Demonstration of potential link between Helicobacter pylori related promoter CpG island methylation and telomere shortening in human gastric mucosa

INTRODUCTION

Telomeres consist of repetitive nucleotide sequences and an associated terminal protein complex that help avoid loss of chromosomal integrity [1]. Telomere shortening in genomic DNA seems to reflect lifetime accumulative oxidative stress through environmental exposures [2–6]. Shortened telomere lengths were also observed in human epithelial cancers due to the formation of complex nonreciprocal translocations and increased chromosome instability [7–10]. Telomere length abnormalities also occur early in epithelial carcinogenesis, suggesting that telomere length may serve as a useful biomarker in human cancers.

Helicobacter pylori (H. pylori) infected gastric mucosa is characterized as chronic inflammation [11, 12], which is closely linked with telomere length shortening [13, 14]. These facts suggest that shortened telomere constitutes the earliest steps toward neoplastic transformation relevant to gastric cancer predisposition. In addition to this genotoxic changes, epigenetic alterations may also play a role in this process. For example, regional promoter CpG island (PCGI) hypermethylation and global DNA hypo methylation are frequently occurred in H. pylori infected gastric mucosa in relation to severity of inflammation and/or atrophy [15, 16]. Our preliminary result showed that telomere shortening correlated with DNA methylation at CDH1 gene promoter [17]. Induction of methylation in the gastric mucosa by H. pylori involves complex biological processes that are still not completely understood.

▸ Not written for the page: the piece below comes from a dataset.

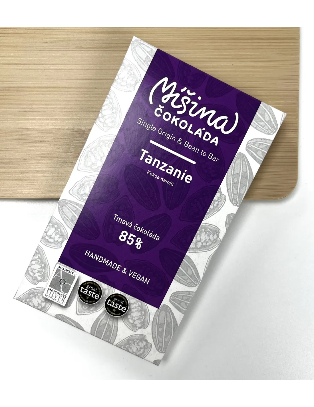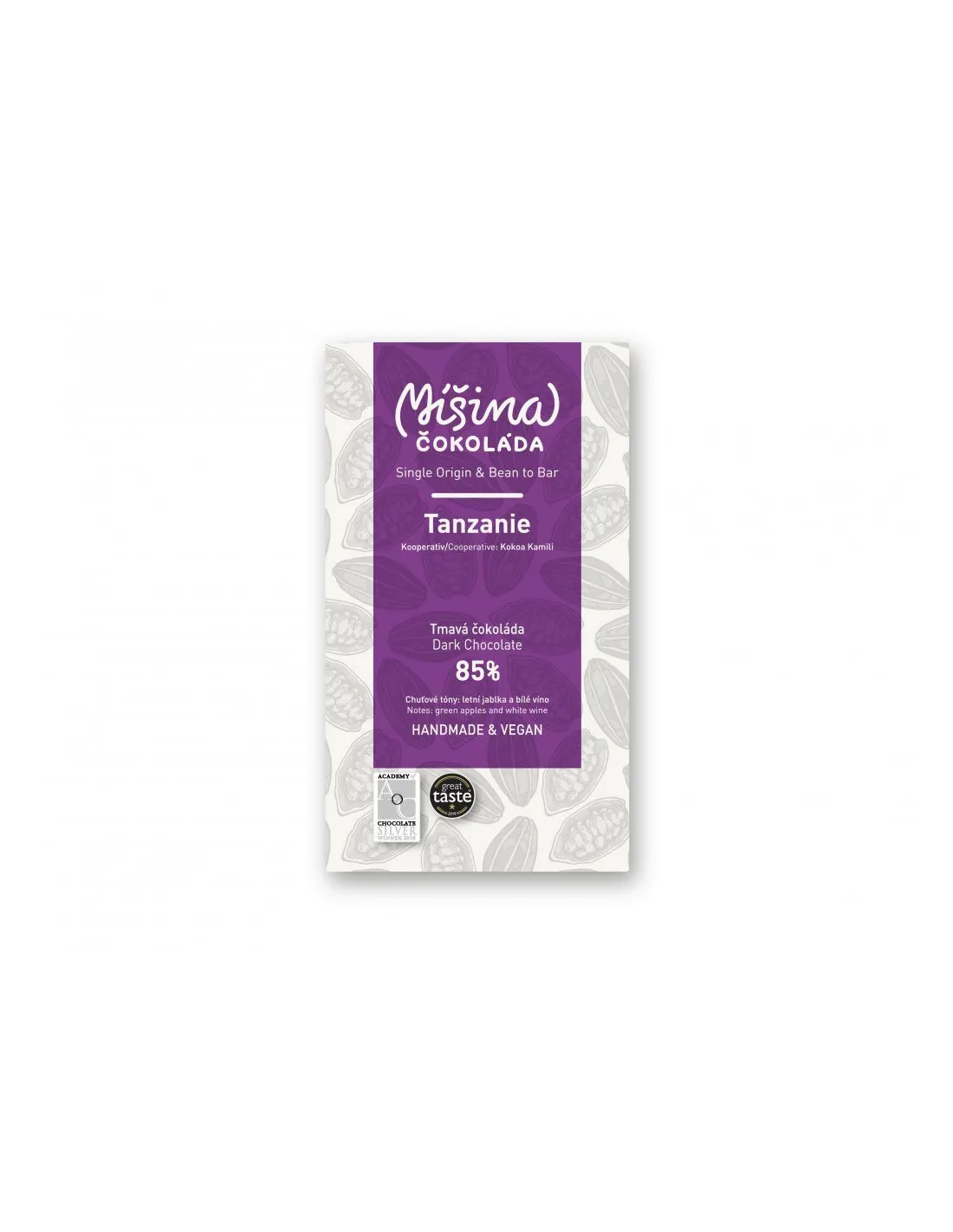 Horká čokoláda 85 % s vysokým obsahom vybraných organických kakaových bôbov z Tanzánie. Hladké až maslové s tónmi jabĺk a čerešní.

The aim of this study was to investigate a potential link between H. pylori related PCGI hypermethylation and telomere length shortening in the human gastric mucosa.

RESULTS

Identification of hyper methylated PCGIs in H. pylori positive gastric mucosa and their relationship with severity of H. pylori related gastritis

Age and sex distributions, H. pylori infection status, prevalence of peptic ulcer disease and status of histological gastritis are shown in Table 1. To explore hyper methylated PCGIs in H. pylori positive gastric mucosa, we initially performed unsupervised hierarchical clustering analysis of 49 PCGIs and LINE1 among six H. pylori negative and six positive cases (Figure 1). This analysis showed that all H. pylori positive gastric mucosa was clearly clustered as hyper methylated samples compared with the H. pylori negative mucosa. Based on this result, we selected five candidate PCGIs (IGF2, SLC16A12, SOX11, P2RX7 and MYOD1) and LINE1 repetitive element for further analysis. As expected, hypermethylation of all five PCGIs were tightly linked to H. pylori infection status (all P<0.0001, Figure 2). In line with previous result showing correlation between DNA methylation and H. pylori related gastritis [16], development of pathological state from normal to mild, active, and atrophic gastritis was correlated with hypermethylation of all these PCGIs (all P<0.001, Figure S1). We also showed that lower PG I/II ratio that indicates the severity of gastric mucosal atrophy was significantly associated with hypermethylation of all these PCGIs (all P<0.05, Figure S2).

Figure 1: Unsupervised hierarchical clustering analysis of 49 PCGIs and LINE1 repetitive element among six H. pylori negative (blue boxes) and six positive cases (red boxes). Numbers listed above the blue and red boxes indicates sample ID.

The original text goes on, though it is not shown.